◆ **Task directions**
Everything in the listing below should be written out again exactly, except the pictures.

◆ **Information provided**
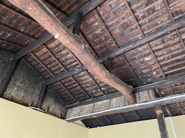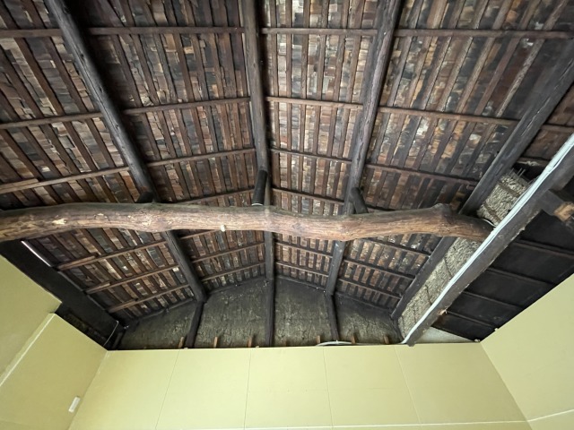 丸太の梁と屋根裏の木の皮たちがかっこいい。
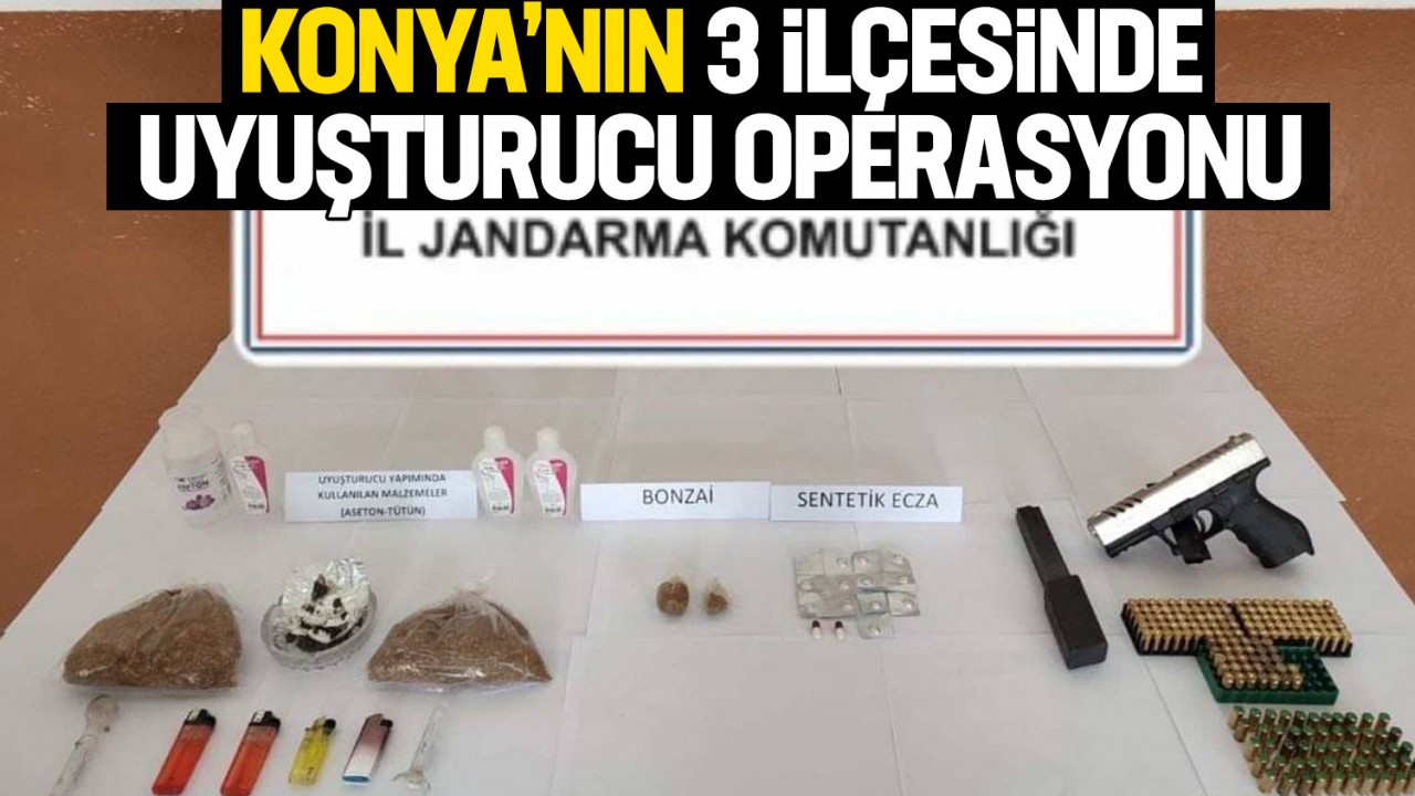 Konya İl Jandarma Komutanlığı ekiplerince Çumra, Akşehir ve Karatay ilçelerinde çeşitli adreslere yönelik uyuşturucu operasyonu yapıldı.
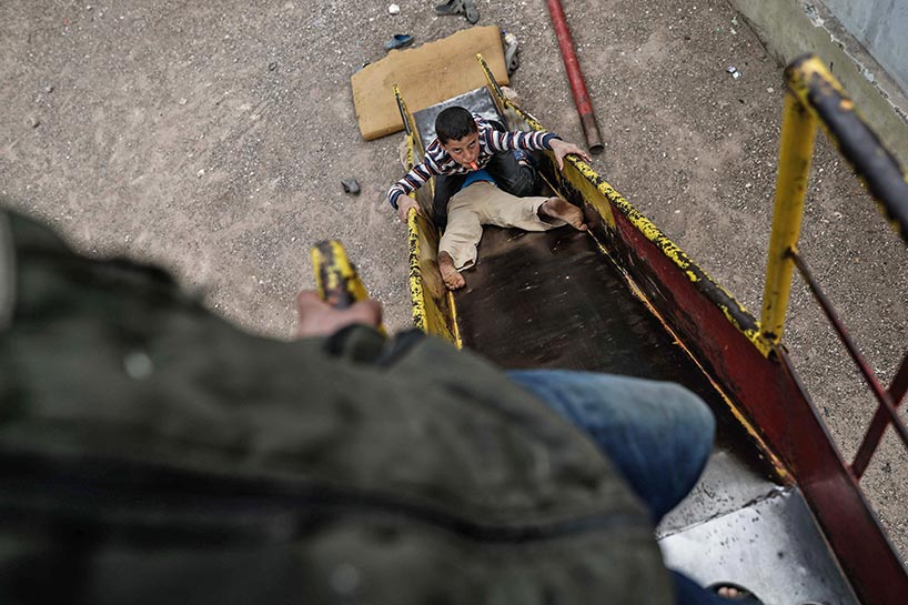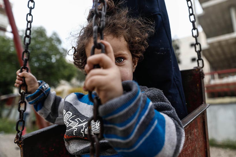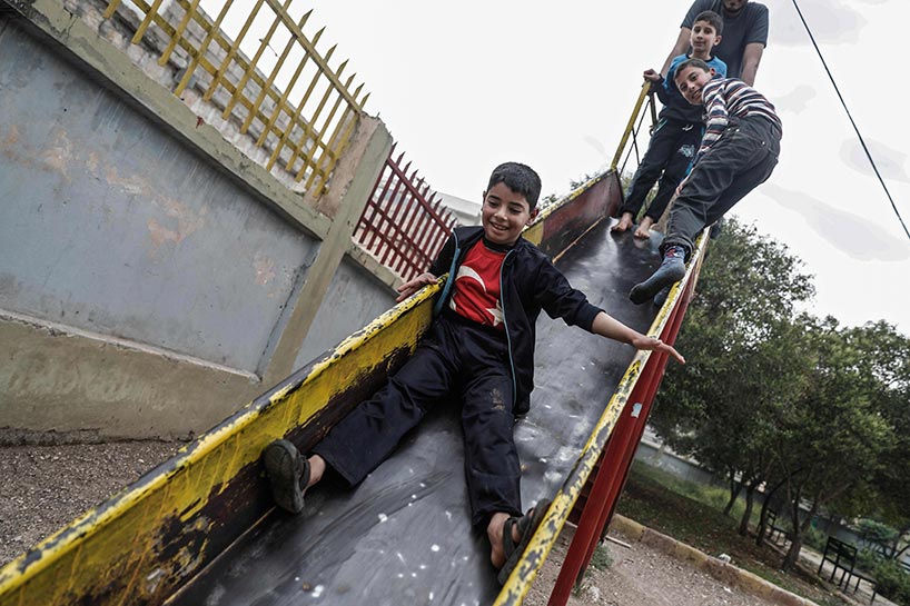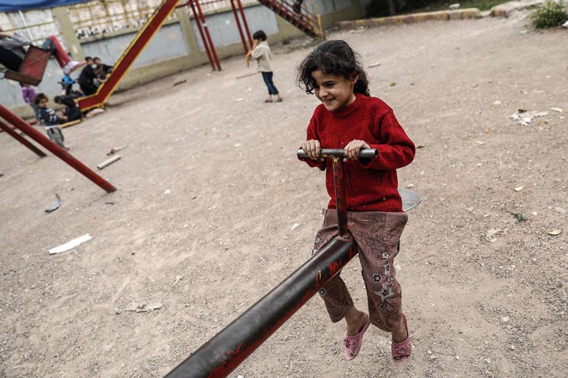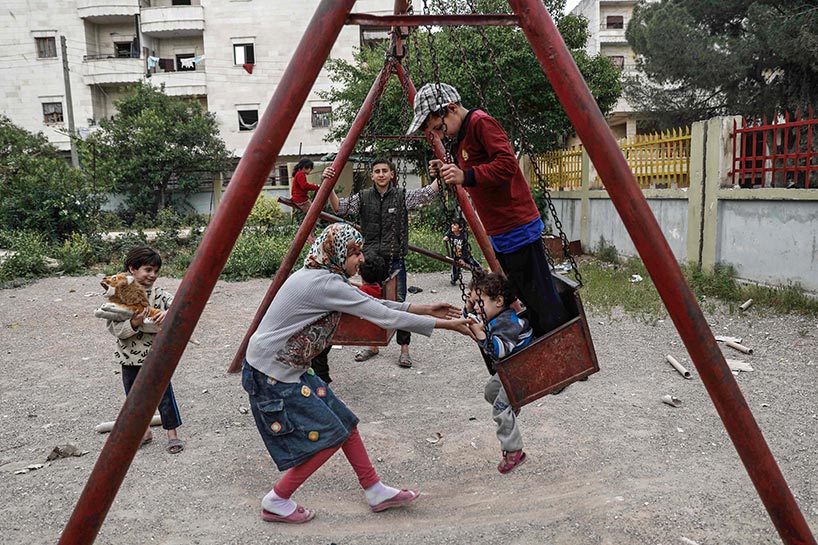 Young children swing on playgrounds next to rubble.

◆ **Response to the exercise**
 丸太の梁と屋根裏の木の皮たちがかっこいい。
 Konya İl Jandarma Komutanlığı ekiplerince Çumra, Akşehir ve Karatay ilçelerinde çeşitli adreslere yönelik uyuşturucu operasyonu yapıldı.
 Young children swing on playgrounds next to rubble.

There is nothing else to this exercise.